Throughout the early modern period, Chinese hegemony was accepted, defied, and challenged by its East Asian neighbors at different times, depending on these leaders’ strategies for domestic legitimation among their own populations. This book demonstrates that Chinese hegemony and hierarchy were not just an outcome of China’s military power or Confucian culture but were constructed while interacting with other, less powerful actors’ domestic political needs, especially in conjunction with internal power struggles.

Reviewed in International Organization, H-Diplo/International Security Studies Forum Roundtable, Perspectives on Politics, Journal of Chinese Military History, Survival, Sungkyun Journal of East Asian Studies, Journal of International and Global Studies, The Bulletin of the School of Oriental and African Studies, Asian Perspective, The China Review, China Insight, The Diplomat, and Voegelinview.
China’s Hegemony is a jewel of a book. Utterly clear-headed, it deals with a broad swath of history by focusing on carefully selected episodes. Its overall argument is compelling.
Peter J. Katzenstein, Cornell University
Ji-Young Lee, The Great Power Next Door: The Past and Present of Chinese Military Intervention in the Korean Peninsula (under contract with Columbia University Press).

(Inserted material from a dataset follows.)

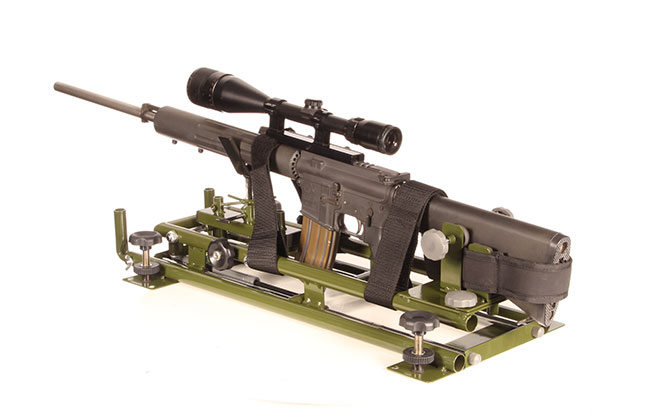 The rest features surgically precise and user friendly windage and elevation controls. Dual nitrogen-filled compression dampers progressively absorb the recoil pulse and then return the gun to battery. The gun platform uses four linear motion bearings that ride along polished chrome rails.

In the history of world politics, great powers have often deployed military forces across borders to influence outcomes in countries on their periphery. Yet China has rarely intervened militarily in Korea, and some were at the request of Korea, not against it. Why has China not tried to use force against Korea more frequently throughout history despite its superior military power? More puzzlingly, at times of great power competition over the Korean peninsula, why has China sometimes considered but decided against military intervention even in the face of external threats to itself? This project examines all of China’s military interventions in Korea in history and demonstrates that a definitive logic informed by geography exists in Chinese security policy making vis-à-vis the two Koreas. It argues that it was not just balance of power politics that affected Chinese intervention decisions. But, it mattered what Chinese policymakers believed who Korea was to them—a country whose identity was distinct from China that existed on its own. The book offers policy relevant insights for thinking about the future of geopolitics surrounding the Korean peninsula, such as China’s attitude toward the U.S.- South Korea alliance, China’s position toward Korean unification, and its approach toward North Korean nuclear and missile threats.